= Zimbabwean cricket crisis =

Sports controversy in Zimbabwe

Cricket in Zimbabwe suffered a crisis that lasted from 2003 to 2011 where player withdrawals such as the "black-armband protest" by Andy Flower and Henry Olonga along with a mass loss of players in 2004 due to a general strike resulted in very poor performances by the national team often comprising new and inexperienced players. Presently Zimbabwe is in the period of rebuilding itself as the domestic structure was re-structured in 2009. Many people allege that the administration of cricket in Zimbabwe was corrupted by the influence of Robert Mugabe's government, who were widely accused of following racist, in particular anti-white, policies. Positive signs began to emerge for Zimbabwe after the 2007 Cricket World Cup especially when in the 2007 World Twenty20 Zimbabwe defeated what was arguably the strongest side in the world at the time, Australia. Along with this Zimbabwe gradually began to show encouraging signs of improvement and four years later they returned to the highest format of the game, Test Cricket. In their first match since their return in August 2011 they comprehensively defeated Bangladesh.

==Crisis emerges==
During the 2000–01 season, players began to allege political interference in the running of the game in Zimbabwe. There had already been a reduction in government funding for the sport's development. The players alleged that selection of the national team was subject to interference and particularly resented the imposition of a quota system to ensure a minimum number of black players would be included. The players argued that the black players were gradually emerging, as in South Africa, and that they would increase in due course.
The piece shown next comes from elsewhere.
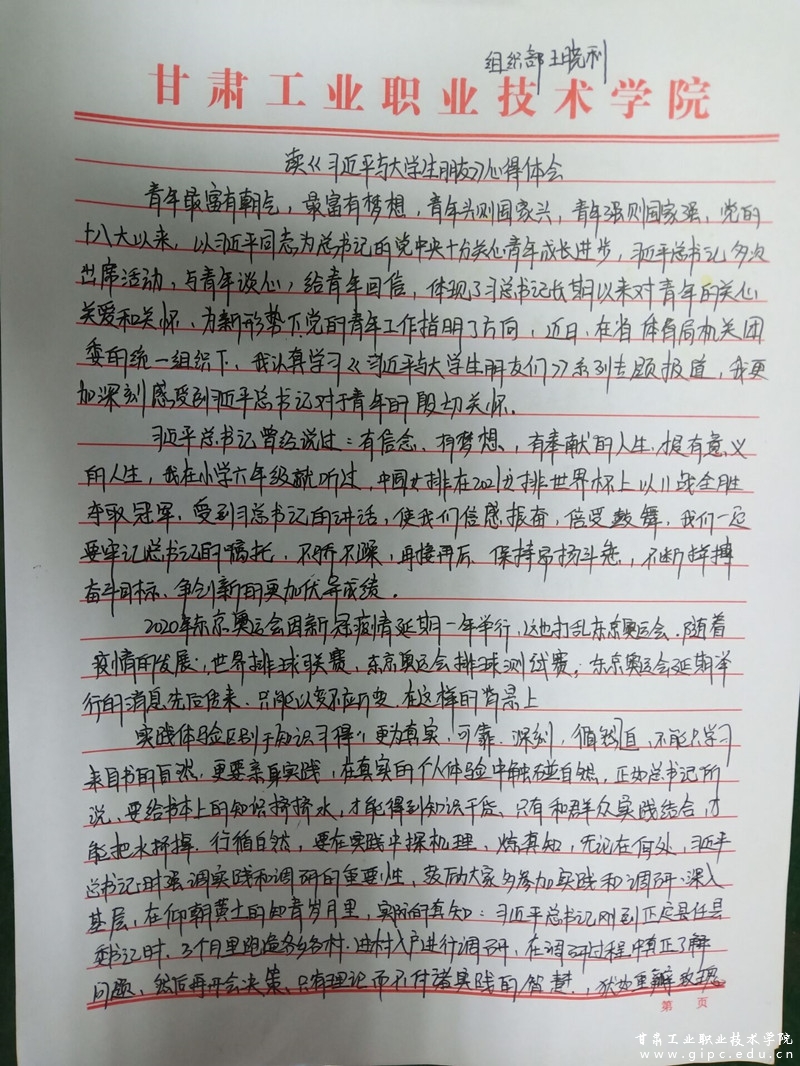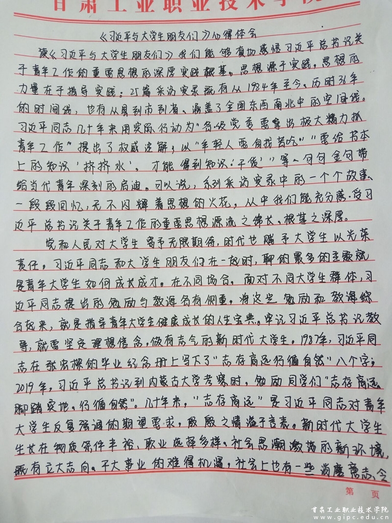 经过认真学习和研读,甘工院学子纷纷表示,作为新时代的青年大学生,一定不能辜负习近平总书记重托,勇敢担负起历史使命,做有志气、有才气、有锐气、有骨气的新时代中国青年,成长为德智体美劳全面发展的社会主义建设者和接班人,在践行中国梦的生动实践中用奋斗精神展示出青春最亮丽的底色!

For example, Hamilton Masakadza had already made his mark as a batsman, and Mluleki Nkala and Henry Olonga were making their mark as bowlers.
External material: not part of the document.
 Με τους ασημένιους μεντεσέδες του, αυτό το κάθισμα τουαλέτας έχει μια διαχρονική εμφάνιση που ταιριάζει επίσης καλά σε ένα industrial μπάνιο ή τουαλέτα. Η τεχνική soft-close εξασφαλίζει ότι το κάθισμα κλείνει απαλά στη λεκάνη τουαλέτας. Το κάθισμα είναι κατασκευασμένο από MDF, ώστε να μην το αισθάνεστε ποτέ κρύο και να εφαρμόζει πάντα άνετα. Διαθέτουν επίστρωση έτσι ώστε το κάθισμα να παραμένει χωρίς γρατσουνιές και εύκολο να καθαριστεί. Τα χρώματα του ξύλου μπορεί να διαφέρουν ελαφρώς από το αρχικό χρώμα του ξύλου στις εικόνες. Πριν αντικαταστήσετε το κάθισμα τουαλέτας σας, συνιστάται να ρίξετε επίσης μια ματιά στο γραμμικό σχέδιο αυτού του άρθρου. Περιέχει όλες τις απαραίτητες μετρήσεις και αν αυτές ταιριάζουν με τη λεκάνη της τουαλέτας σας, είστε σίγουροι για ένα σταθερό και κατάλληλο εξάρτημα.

The matter came to prominence before the 2003 World Cup, when both the British prime minister Tony Blair and the Australian prime minister John Howard said they would prefer it if their teams did not travel to Zimbabwe, but did not ban them from doing so. In the event, only England refused to travel to Harare to play Zimbabwe after a vote by the players citing security concerns after death threats were received, thereby forfeiting the match. In Zimbabwe's first match, two players, one white, one black (Andy Flower and Henry Olonga) wore black armbands in protest against "the death of democracy in Zimbabwe". Both players subsequently retired and emigrated from Zimbabwe, under intense political pressure, with the black Olonga being denounced as not really Zimbabwean as he was born in Zambia.

==Team hits rock bottom==
In 2004, the Zimbabwe Cricket Union sacked their white captain Heath Streak after he had confronted them with the team's grievances, several other players having also resigned by this time. Streak was replaced by the young and untested Tatenda Taibu. Fifteen senior players were involved in a stand-off over this and other selection issues, resulting in their dismissal from Zimbabwean cricket. Following poor performances by a second-string (and almost all black) Zimbabwe team against Sri Lanka, the ZCU and ICC agreed that Zimbabwe would play no Test cricket in 2004, and this self-imposed suspension remained in force from 10 June 2004 to 6 January 2005.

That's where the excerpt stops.